* **WHAT TO WORK ON**:
Write out exactly the lines below starting at the one containing "papas a la francesa" and ending at the one containing "Juego de Funda". Omit every picture.

* **SOURCE RECORDS**:
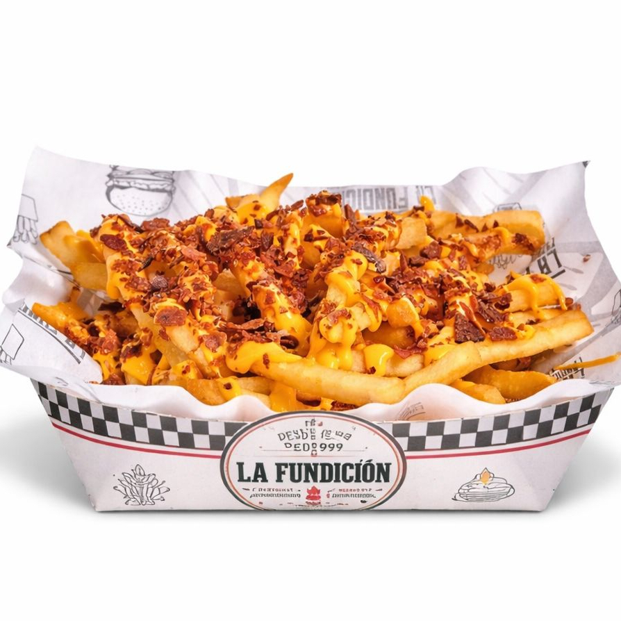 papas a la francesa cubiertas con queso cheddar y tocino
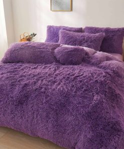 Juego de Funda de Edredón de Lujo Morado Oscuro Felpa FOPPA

---

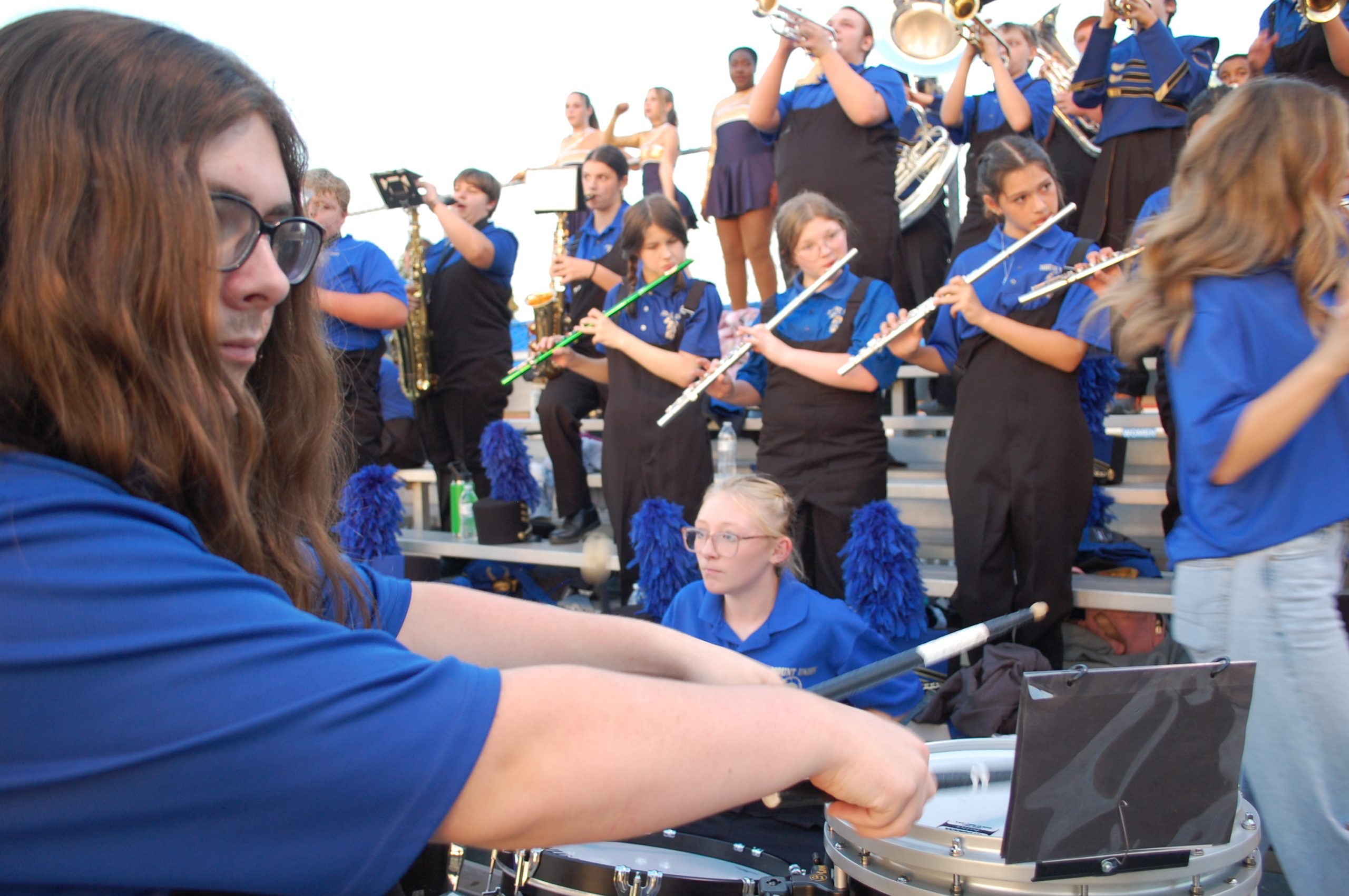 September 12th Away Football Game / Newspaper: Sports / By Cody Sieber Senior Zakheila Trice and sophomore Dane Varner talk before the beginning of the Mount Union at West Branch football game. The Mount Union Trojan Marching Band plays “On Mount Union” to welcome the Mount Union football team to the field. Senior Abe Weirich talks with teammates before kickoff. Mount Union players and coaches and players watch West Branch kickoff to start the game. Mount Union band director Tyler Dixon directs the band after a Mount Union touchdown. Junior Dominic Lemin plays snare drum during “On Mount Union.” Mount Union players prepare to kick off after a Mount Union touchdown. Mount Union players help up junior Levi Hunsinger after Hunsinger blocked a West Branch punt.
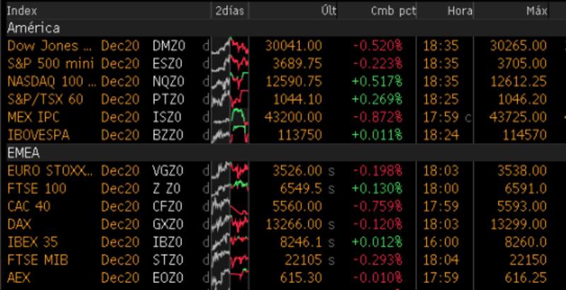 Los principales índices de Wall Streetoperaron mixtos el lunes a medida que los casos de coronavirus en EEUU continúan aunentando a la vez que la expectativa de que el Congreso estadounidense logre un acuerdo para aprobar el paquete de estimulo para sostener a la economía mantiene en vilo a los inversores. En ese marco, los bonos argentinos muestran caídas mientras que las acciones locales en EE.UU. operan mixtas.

* **WRITTEN RESPONSE**:
 papas a la francesa cubiertas con queso cheddar y tocino
 Juego de Funda de Edredón de Lujo Morado Oscuro Felpa FOPPA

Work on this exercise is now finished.